- The Washington Times - Wednesday, March 30, 2005

ANNAPOLIS — Comptroller William Donald Schaefer yesterday said the General Assembly leaders need to act on Gov. Robert L. Ehrlich Jr.’s plan to legalize slot machine gambling because time is running out.

“I think they should find a way to compromise or something,” Mr. Schaefer told The Washington Times after yesterday’s Board of Public Works meeting.

Meanwhile, Senate President Thomas V. Mike Miller Jr. said he does not expect that a proposed 50-acre waterfront gambling resort in Wilmington, Del., will have an effect on the slots debate here.

“The issue is expanding gambling at the racetracks and in the form of video lottery terminals,” said Mr. Miller, Prince George’s County Democrat and slots supporter.

House Speaker Michael E. Busch, a longtime slots opponent, also said the proposed Wilmington casino will have little effect on state policy in the waning days of the legislature.

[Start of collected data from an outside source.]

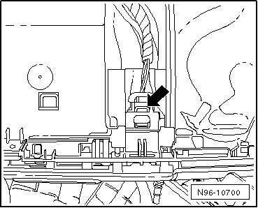 - Disengage harness connector - arrow - and disconnect harness connector.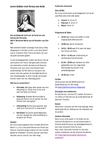 In acht dinsdagavonden maken we kennis met de spiritualiteit van Teresa. We gebruiken hiervoor een bijzondere insteek: de bekroonde Spaanse filmreeks over haar leven (met Nederlandse ondertiteling). De film dient als startpunt om, samen met haar werken De Innerlijke Burcht en haar Autobiografie, te leren hoe we vertrouwd kunnen raken met het inwendig gebed.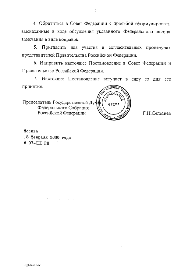 ПОСТАНОВЛЕНИЕ ГД ФС РФ от 18.02.2000 N 97-III ГД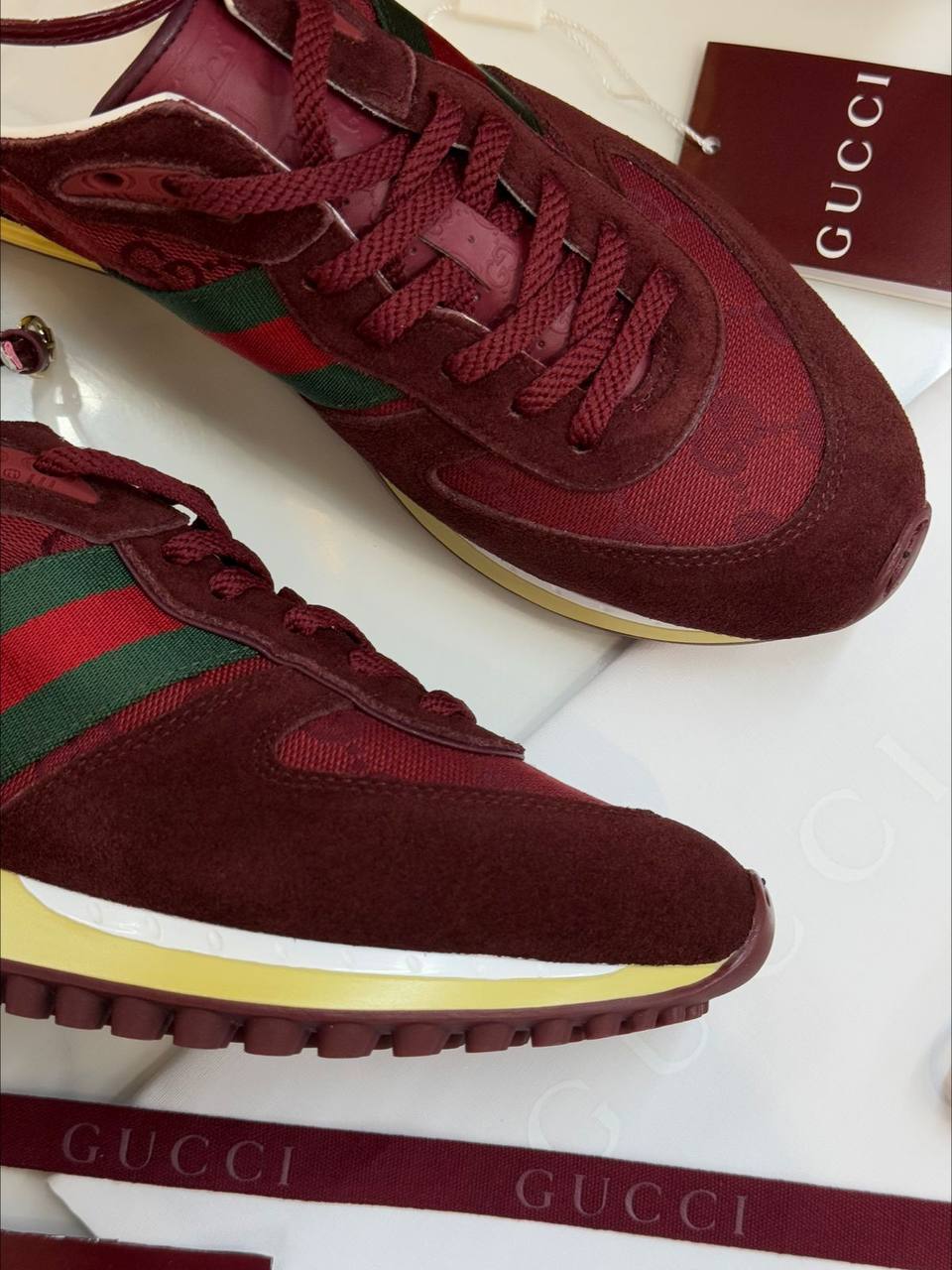 Кроссовки Gucci LUX-119110 – это стильная обувь, сочетающая в себе элегантность и спортивный стиль. Кроссовки выполнены в бордовом цвете с фирменной полоской Gucci. Они идеально подойдут для создания повседневных образов.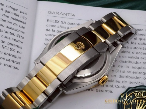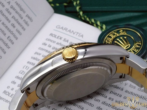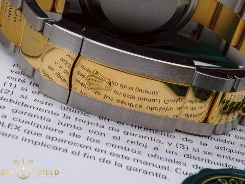 蠔式鋼與18ct黃金、錶帶、摺疊帶扣 / 旋入式錶冠 / 黃金棕梠葉面盤 鑲鑽時標 / 藍寶石水晶玻璃 / 防偽內圈 |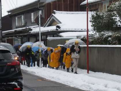 上級生が時々後ろを振り返り、下級生の様子を確認してくれています。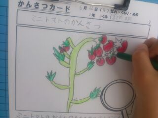 さすが2年生、1年生よりも細かな葉の形や付き方をよく観察しています。

“It means it gives people an opportunity to go play slots in Delaware,” the Anne Arundel County Democrat said. “And that when they say they will just be in one area, they will always want more.”

The Wilmington News Journal has reported that a group of Delaware developers has proposed building a $300 million casino resort on Wilmington’s Seventh Street Peninsula along the Christina River. The site would include up to 4,000 slot machines in several themed settings, a 400-room hotel, a dinner theater, restaurants, shops and a public marina.

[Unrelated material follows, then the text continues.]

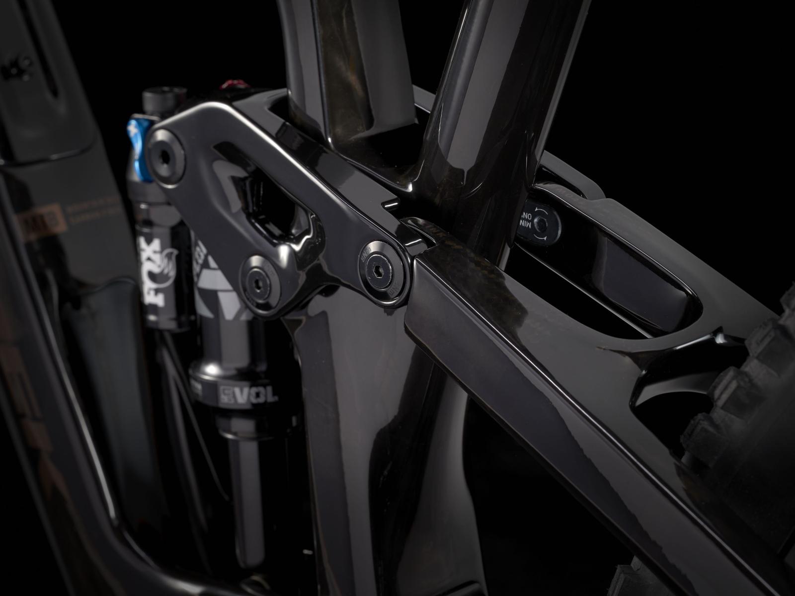Rahmen: OCLV Mountain Carbon, integriertes Staufach, verstellbarer Steuersatzwinkel, per Mino Link abstimmbare Geometrie, einstellbare Progression, geführte interne Zugverlegung, Magnesiumumlenkhebel, 34,9 mm Sitzrohrdurchmesser, ISCG 05, 55 mm Kettenlinie, BSA 73, Unterrohrschutz, Shuttle-Guard, ABP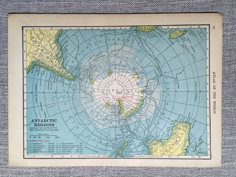 Antique Map Of The Arctic And Antarctic Regions Vintage Map Etsy

The resort could be built only if legislation is passed to expand gambling at venues not linked to a racetrack. Delaware’s 1994 law that legalized slot machines restricted them to sites related to the horse-racing industry.

Delaware, Rhode Island and West Virginia also are developing a program that would combine revenue from the states’ slot machines to form a large jackpot, similar to the Powerball lottery, which pools revenue from 30 states into a single jackpot.

Establishments in Delaware and West Virginia draw $309 million a year in revenue from Maryland gamblers. Pennsylvania has enacted legislation to set up 61,000 slot machines across the state.

Mr. Ehrlich, a Republican, has proposed legalizing slots to revive the state’s horse-racing industry and fund education initiatives. But the Democrat-controlled House and Senate have reached an impasse in negotiating a compromise on the legislation.

The session adjourns April 11.

Just hours after a witness in a murder trial was shot in a Baltimore alley, State’s Attorney Patricia Jessamy was in Annapolis yesterday seeking support for legislation that would try to curtail intimidation of witnesses in criminal cases.

Miss Jessamy appeared with Mr. Ehrlich at a press conference and then met with Mr. Busch to appeal to him to make sure the governor’s bill gets a vote in the House Judiciary Committee.

The chairman of the committee, Delegate Joseph F. Vallario Jr., Prince George’s County Democrat and a defense lawyer, has not allowed a vote on the bill even though it was introduced early in the session and committees were supposed to have completed action on House bills.

“There’s still two weeks left in the session,” Mr. Busch said after his meeting with Miss Jessamy. “I want to sit down with Joe and talk about the specifics behind the legislation.”

“I think in the final analysis, we’ll come to some sort of understanding,” the speaker said.

But Mr. Busch would not say whether that understanding will include a so-called “hearsay” exception that would allow statements made by witnesses to be used in court even if they are killed or refuse to testify because they fear retaliation.

A former aide to state Sen. Richard F. Colburn said he has asked the legislature’s ethics committee to investigate his charges that he was required to write college papers for the Republican senator from the Eastern Shore as part of his job as a legislative aide.

Gregory Dukes, who resigned from Mr. Colburn’s staff in December, said he also was asked to perform personal tasks for Mr. Colburn, including waiting at his home for repair workers and arranging the sale of Baltimore Orioles baseball tickets.

In a letter to the Joint Committee on Legislative Ethics, which Mr. Dukes made available to the Baltimore Sun Tuesday, he said he thinks that what Mr. Colburn did constituted “an illegal use of taxpayer funds in the use of his paid legislative staff for nonofficial duties.”

Mr. Colburn withdrew from classes at the University of Maryland Eastern Shore this year after Mr. Dukes wrote to university officials that he had written five papers for the senator for two sociology courses.

Mr. Colburn has denied the charges made by Mr. Dukes, describing him as a disgruntled former employee.

• This article is based in part on wire service reports.